Yankees’ Pursuit of Projected $144 Million Starter Unchanged Despite ‘Shock’ Injury

Yankees starter Gerrit Cole has an unidentified elbow injury, but the team has not yet shown interest in Blake Snell.

Getty Yankees starter Gerrit Cole has an unidentified elbow injury, but the team has not yet shown interest in Blake Snell.

It certainly sounds like cause for concern, even if the Yankees are downplaying it. But ace starter Gerrit Cole, last year’s American League Cy Young Award winner, has undergone an MRI on his pitching elbow to attempt to identify a mystery ailment that is keeping him from being able to bounce back from short Spring Training stints.

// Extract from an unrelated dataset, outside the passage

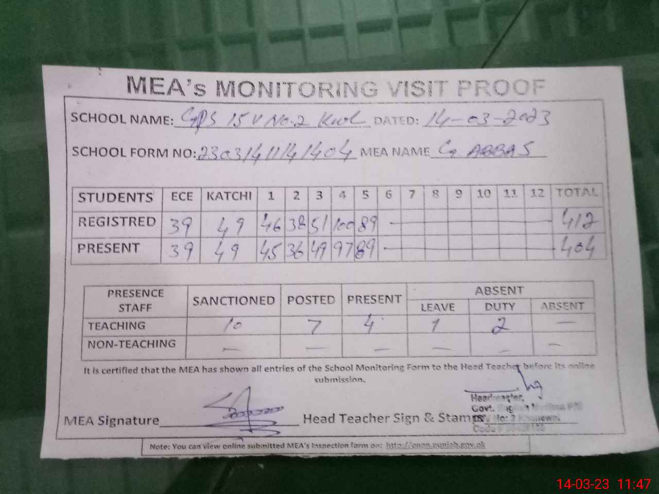 | Attendance Register | Head Teacher | MEA with School | Visit Proof |
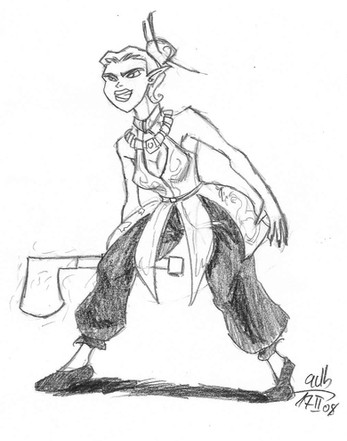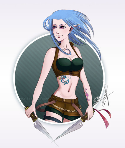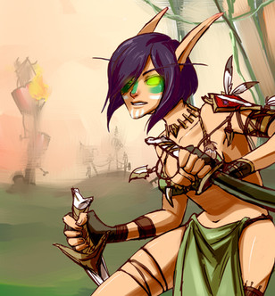 Well what can I say? THIS IS AWESOME!!11 Thank you, Thank you, THANK YOU . This is one of the Best gifts that have been giving to me.It all started when I was wanting to look up the Back story to Lady Sylvanas Windrunner. Why she is what she is. When I typed in her name to Google. I came up with this picture [link] . I knew I had to color it. It called for me. So I asked Ainikki. Could I please color it. She kindly told me sure. I colored it up and reposted it up. Ainikki I guessed loved it so much she offered to draw one of my Favorite toon's. With out a second heart beat. I knew who I wanted drawn. My Rogue BralarΓ‘.

Reports note that, from the Yankees perspective, the test is “precautionary.”

Elbows generally don’t just miraculously heal themselves, though, and the fact that Cole is not quite feeling himself here in March has raised the possibility that he won’t be available for Opening Day, just a little more than two weeks away. That has sparked speculation that the Yankees could return to the possibility of adding another Cy Young Award winner, Blake Snell, who is still a free agent.

But as of now, that appears to be a no-go, according to SNY’s Andy Martino. It would make eminent sense for the Yankees to re-examine adding Snell, but internally, the team has not broached the subject.


Blake Snell Interest Ended in January

Martino had reported that the Yankees made an offer to Snell months ago, but later pulled it. The longer he remains unsigned, the greater the speculation that he and the Yankees will reconnect and make a deal happen. Alas, Martino said, that’s not to be.

“The Cole news has not reignited the Yankees’ onetime pursuit of free agent ace Blake Snell,per league sources,” he wrote this week. “SNY reported last month that the Yankees pulled their offer to Snell in January, after Snell turned it down and the team signed Marcus Stroman. As of Monday afternoon, nothing had changed on that front.”

That reporting was seconded by veteran baseball writer Bob Klapisch of NJ.com, who wrote that Snell’s agent, Scott Boras, was steering Snell toward either the Giants or the Angels, and that the Yankees had not talked to Boras for weeks.

Klapisch noted that Cole’s injury was a “shock” for the organization, because of Cole’s durability. Cole has made at least 30 starts in each of his last three seasons, and led the league with 33 starts the past two years. He has gone 51-23 with a 3.08 ERA in four seasons with the Yankees.

“Even if it’s minor, Cole’s setback comes as a shock to the organization. He’s been the rotation’s rock since 2020 – not only the Yankees’ best pitcher, but their most competitive, most intuitive, most devoted to the craft,” Klapisch wrote. “And, above all else, most durable.”


Yankees Shocked by Gerrit Cole Injury

Snell remains a bizarre case in that he is still unsigned so close to the start of the season. The lefty seemed to recapture some of the magic from the season he had in Tampa Bay in 2018, when he won the A.L. Cy Young Award, a year in which he went 21-5 with a 1.89 ERA.

He struggled to stay healthy from there, but looked much better in his last two seasons, culminating in a 14-9 season with a league-best 2.25 ERA.

According to multiple reports, the offer the Yankees made to Snell was six years and $150 million, but Snell wanted at least $30 million per year. Spotrac, for what it’s worth, has Snell’s market value at $24 million per year, worthy of a six-year, $144 million contract.

So, the Yankees moved on, signing Marcus Stroman on January 11, and shutting down the possibility of a Snell-Yankees deal.

That possibility, apparently, is still closed, even with a potential Cole injury looming.